Maitreya (Sanskrit): The future Buddha foretold in Buddhist eschatology. In the late nineteenth century, the Theosophists began using the term to describe a coming World Teacher, and the term appears in a variety of New Age movements.
Malebranche, Nicolas (1638–1715): French philosopher and natural scientist who synthesized Cartesian philosophy with Augustinian thought. Malebranche held that we see external objects by means of ideas in God’s mind; he also embraced the doctrine of occasionalism, which holds that God is the only real cause of all action.

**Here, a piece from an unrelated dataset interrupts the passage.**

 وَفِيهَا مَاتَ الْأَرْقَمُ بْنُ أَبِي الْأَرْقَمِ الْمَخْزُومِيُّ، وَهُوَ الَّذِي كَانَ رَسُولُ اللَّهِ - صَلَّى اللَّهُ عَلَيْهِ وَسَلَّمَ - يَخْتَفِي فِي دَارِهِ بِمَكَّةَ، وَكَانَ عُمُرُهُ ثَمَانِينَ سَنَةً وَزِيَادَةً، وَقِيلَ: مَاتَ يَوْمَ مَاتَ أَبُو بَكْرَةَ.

Mani (c. 216–276 C.E.): The prophet and founder of Manichaeism, a syncretistic religion that combined Zoroastrian and Gnostic ideas and became one of the most dominant religions in the world between the third and seventh centuries. Sharply dualistic, Manichaeism held that the material world is a realm of darkness from which spiritual light must be extracted through ritual and practice.

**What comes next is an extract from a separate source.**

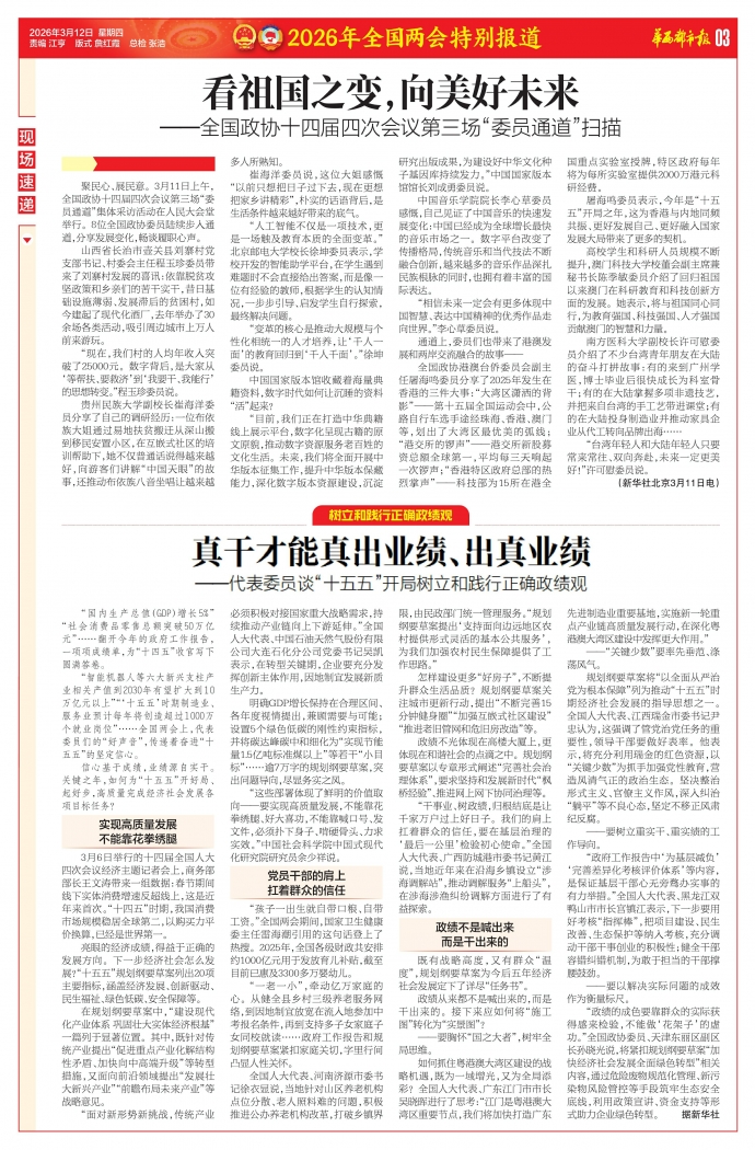 “智能机器人等六大新兴支柱产业相关产值到2030年有望扩大到10万亿元以上”“‘十五五’时期制造业、服务业预计每年将创造超过1000万个就业岗位”……全国两会上,代表委员们的“好声音”,传递着奋进“十五五”的坚定信心。

Marxism: Political philosophy and social movement based on the writings of German political economist Karl Marx (1818–1883). Anticipating the intensification of capitalism’s internal contradictions, and calling for a revolutionary awareness among the working classes, Marx prophesied the end of the capitalist world order and the emergence of a classless society.

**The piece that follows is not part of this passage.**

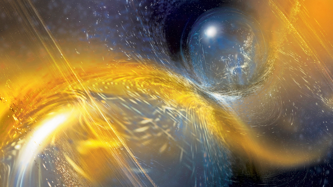 Dat is zo ongeveer de situatie waar astronomen zich momenteel in bevinden. Ze ‘zien’, dankzij een breed scala aan telescopen op aarde en in de ruimte, elektromagnetische straling – waar zichtbaar licht maar een klein deel van uitmaakt – met alle denkbare frequenties. Daarnaast hebben ze sinds enkele jaren een tweede manier om het universum mee waar te nemen: zwaartekrachtgolven. Maar daarvan ontgaat het leeuwendeel ons.

maya (Sanskrit): Illusion, especially the illusion of the phenomenal world; sometimes also considered an aspect of the Divine Mother.
Maze: A dark Gnostic fable also inspired by the Bardo Thödol, A Maze of Death (1970) tells the story of fourteen colonists who emigrate to the planet Delmak-0, only to be murdered, one by one. It emerges that the colonists are immersed in a computer simulation they are running to distract themselves from despair as their failed spaceship orbits a dead star. Delmak-0’s digitally programmed religion represents Dick’s most developed theological systematizing prior to 2-3-74, and it closes with arguably the most explicit theophany in any Dick novel.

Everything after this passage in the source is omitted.